Anti-Republican feeling left over from Watergate, combined with Ford's own propensity for gaffe-making, allowed Carter to scrape through, but the tone of his presidency had been set. Other presidents could recover from their mistakes (think of Kennedy and the Bay of Pigs debacle); with Carter, everything stuck.

His domestic achievements were modest. (The Republicans later pointed to several hundred campaign promises that, they said, he had not kept.) He pushed through civil service reform to encourage government efficiency, deregulated the trucking and airline industries, and expanded the national park system to protect 103 million acres of Alaskan lands. He also created the Department of Education, bolstered the Social Security system, and appointed record numbers of women, blacks, and Hispanics to Government jobs.

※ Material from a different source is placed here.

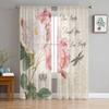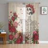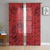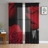 Vorhänge mit rotem Blumen- und Pflanzenmotiv, drapieren, transparenter Tüll, Heimdekoration, Wohnzimmer, Schlafzimmer, Cortinas, Chiffon-Fenstervorhänge

By the end of his administration, he could claim an increase of nearly eight million jobs and a decrease in the budget deficit as a percentage of the GNP. But he failed to prevent inflation and interest rates from reaching near record highs – and, indeed, caused a short recession when he tried to reduce them.

He also addressed the growing energy crisis, both short-term and long-term. He passed an Energy Bill and created a Department of Energy. But his direct appeal to the American people to reduce their profligate energy consumption fell on deaf ears.

Internationally, Carter angered conservatives by concluding the Panama Canal Treaty – handing control of the canal back to Panama – and in 1978 helped push through the Camp David Accords, which would ultimately lead to a peace treaty between Israel and Egypt. He also stood up for human rights in many places, denouncing the trials of Soviet dissidents such as Anatoly Shcharansky, calling for majority rule in Rhodesia, suspending aid to repressive regimes in Argentina, Uruguay and Ethiopia and condemning tyrants such as Fidel Castro and Idi Amin. But the world was left with an impression of well-meaning words that could not be supported by action. In 1979, the Soviet Union invaded Afghanistan with impunity; the US could do little beyond tearing up the Salt II arms limitation treaty that Carter had just signed and organising an ill-supported boycott of the Moscow Olympics.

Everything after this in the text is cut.